Q) We have no developed schemes for boiler replacement, but we do have schemes to reduce heat loss through building fabric. Can we still apply for Phase 3 PSDS? 

A) The Public Sector Decarbonisation Scheme funding is targeted at the decarbonisation of buildings where the heating plant at the end of its work and all applications must include an element of low carbon heating. Schemes that do not include any low carbon heating are not eligible.

Q) Is building ownership sufficient for eligibility.  In Phase 1 PSDS we had to be responsible for energy billing - are buildings we own but lease out eligible? 

A) If you own the building, and you are responsible for the replacement of its heating system, then you are eligible for the funding.

Q) As a large NHS Trust with mostly centralised boilers, it is difficult for us to devise a project that will allow us to remove the whole heating system. We can remove huge amounts of carbon by displacing a big chunk of our baseload with ASHP. Can we get funding for this without having to rip out our whole heating system across a large hospital? 

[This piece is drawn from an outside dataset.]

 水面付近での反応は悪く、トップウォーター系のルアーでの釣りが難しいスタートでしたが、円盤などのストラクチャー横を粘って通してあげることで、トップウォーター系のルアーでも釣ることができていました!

Buildings that connect to centralised boilers via a local interface, such as a heat exchanger or calorifier, can treat the local interface as the building’s heating plant for the purpose of meeting the scheme criteria. For example, once a local calorifier or heat exchanger that is connected to a central plant room reaches the end of its working life, it can be replaced with a low carbon alternative such as a heat pump and therefore it will be eligible for grant funding, even if the main heating plant in the central plant room is still relatively new.

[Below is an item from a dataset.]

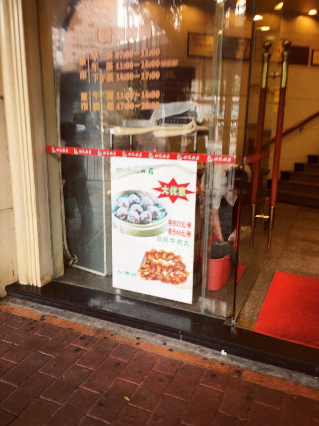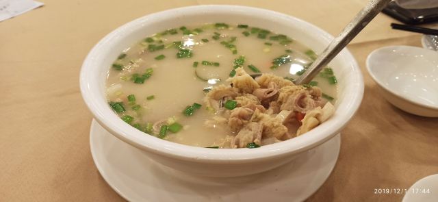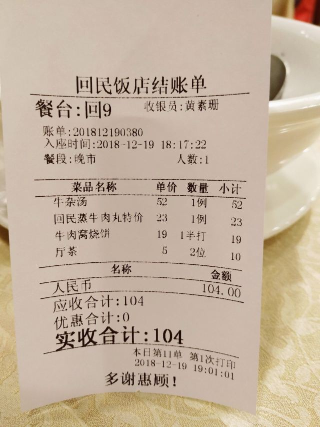 芳芳Flora经常路过回民饭店门前,也听说它家有好多年了,它家的位置正好在中山六路和人民中路交汇处,也算是经常出现在大家对话时确实位置的一个地标点了。呵呵。一直没机会试试,这天在中六附近办完事,LG下班后来这里和我汇合,原本还没想到要去哪里吃晚饭的,LG突然说去回民饭店吧,我就说好啊、反正我没去过、也想试试的了。于是我们就来了。傍晚6点到店,店里二楼大厅已经很旺场了,几乎坐满了客人,服务员指我们去后面的茶皇厅,但在还没走到茶皇厅的时候,就发现角落靠近窗边有张空桌子,我们就坐到了这个窗边位置。快速地点了三个菜,上菜也挺快的。牛杂汤,52元。牛杂切得比较细碎,应该是金钱肚和毛肚的部位比较多些,汤是放了不少胡椒粉,不过挺喜欢这种味道的,冬天里喝,比较暖胃。回民蒸牛肉丸(特价)23元,牛肉丸里有些爽口的沙葛,牛肉味道挺鲜的。牛肉窝烧饼,19元半打。这个烧饼好好吃,外面的皮很香脆哦,推荐!茶位费是5元/位。埋单104元,人均52元。有机会还会再来试试别的菜式的。

FAQs added on 24th September 2021

Q) How are you defining and verfiying 'end of working life'? 

A) There are a few things you can use to find this out such as consulting the manufacturers product information or industry guidance, such as the CIBSE (Chartered Institution of Building Services Engineers) guides to understand if your heating system is coming towards its end of useful life. In terms of how it is operated, if the heating system is something you believe is at its end of useful life but may have only been operating or a few years, you need to provide justification around its operation or poor design which might justify why it needs replacing. For multi-year applications, it will then be heating systems coming towards the end of its useful life in the financial year 2023/24. For a three year multi-year application, it will be 2024/25 and when that heating system will come towards the end of its useful life. In addition, justification could be provided in the instance that the heating system is economically unviable; it is costing more in repairs than to replace the system.

Q) If we have a building which has been extended/updated over a number of years and is heated by several sets of boilers, some of which are definitely at the end of their lives and others that may not be, how do we have a whole building approach?  Should we/can we apply for part of the building, even if the building is operated as a whole?  

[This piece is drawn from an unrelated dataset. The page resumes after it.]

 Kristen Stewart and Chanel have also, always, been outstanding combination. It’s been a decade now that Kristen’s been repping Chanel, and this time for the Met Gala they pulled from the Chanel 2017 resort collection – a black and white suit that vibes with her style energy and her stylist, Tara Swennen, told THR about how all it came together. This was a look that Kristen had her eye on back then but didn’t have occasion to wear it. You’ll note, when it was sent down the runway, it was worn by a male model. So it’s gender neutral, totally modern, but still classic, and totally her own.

A) In terms of a ‘whole building’ approach, this refers to the building fabric and reducing the electrical demand which is fine to do as a whole building and you are able to upgrade part of your existing heating system for your end-of-life boilers. You can also leave the other boilers that are not at end-of-life in the building as well. You can apply for those low carbon technologies that will replace the end-of-life boilers as well as additional measures to form part of a ‘whole building’ approach, whilst also leaving the existing boilers that are not at their end of life in there as well.